On the currency front, the South African Rand faced headwinds against major currencies in November, depreciating by 1.10% MoM against the US Dollar. Despite general weakness in the US dollar, the Rand was unable to capitalize on this trend.
Emerging Markets (EM) experienced a strong uptick in November with the MSCI Emerging Markets Index rising to 8.02% MoM. However, this gain was slightly behind developed markets. Egypt was the top performer in this index with Korea and Taiwan strongly benefitting from the rally in tech-related stocks.
The MSCI China USD Index was behind the EM index by returning 2.47% in November. This follows post investor concerns surrounding China’s economic recovery which continues to weigh heavily on sentiments.
The MSCI USA Index was up 9.43% in November. This follows as the US Federal Reserve kept rates unchanged at its November 2023 meeting.
This decision alleviated concerns among investors, who had previously been pessimistic about the duration of the restrictive monetary policy. This positive investor sentiment was further encouraged by the release of the US inflation data which highlighted more than expected cooling of prices.
After three consecutive months of losses, the US markets rallied in November, with the Big Tech stocks leading the charge.
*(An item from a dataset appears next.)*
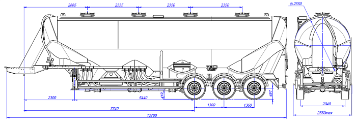 Муковоз SF3U55_2A_02 55м3, 2 отсека, ССУ 1250 - это полуприцеп-цистерна, предназначенная для бестарной перевозки сыпучей пищевой продукции (зерновых культур, муки, отрубей, комбикорма, сахара, кормов, гранул и др.). Конструкция цистерны выполнена из алюминиевого сплава (Германия) в виде несущей емкости. Объем цистерны составляет 55 м3. Муковоз разделяется на 2 отсека. Транспортируется SF3U55_2A_02 тягачом колесной формулой – 4х2 российского или иностранного производства. Количество изолированных отсеков – 1 (емкость может быть разделена внутренними перегородками на 5 (пять) герметичных отсека для перевозки различных сортов груза с индивидуальной выгрузкой. Общая длина 12710 мм. Высота 4 метра. Ширина 2,55 метра. Колеса 385/65R22,5; 6+1. Разгрузочный узел расположен слева.

The Nasdaq 100 and the S&P 500 indices returned 10.82% and 9.13% MoM, respectively.
Other major markets, including MSCI Europe (9.89%), MSCI UK All Cap (7.40%), and MSCI Japan Index (8.56%), also delivered positive returns amid easing inflation pressures.
Furthermore, with inflation cooling more than forecast, and economic growth holding up, we believe that it is now more likely that rates will come down next year. Although we don’t expect rapid cuts, patience will still be required as the US Fed remains focused on developing data. Bond markets may also remain volatile, as every data release will likely cause a reaction. But as and when global bond yields come down to reflect lower inflation and cooling economic growth (induced by the US Fed), South African bonds are likely to follow them down at least to some degree, improving the return prospects for SA investors. The graphs below indicate how inflation is falling and the expected trajectory of interest rates into 2025.
Inflation is falling

 

At or near the peak of the interest rate cycle

Screenshot 2023 12 18 At 13.24.59

Conclusion

Markets invariably offer the best opportunities when fear and uncertainty are at their greatest. With inflation falling, policy tightening mature and growth slowing, markets will in due course start to discount the recovery which will come. It means that patience, a longer-term perspective, and sensible diversification are invaluable to avoid missing out on the early fruits of recovery.
We are maintaining a marginally defensive positioning, striking a balance between the global uncertainties that persist and the opportunities that are presented. Well-diversified portfolios across asset classes, investment styles and geographical allocations continue to be the best approach for achieving long-term investment goals.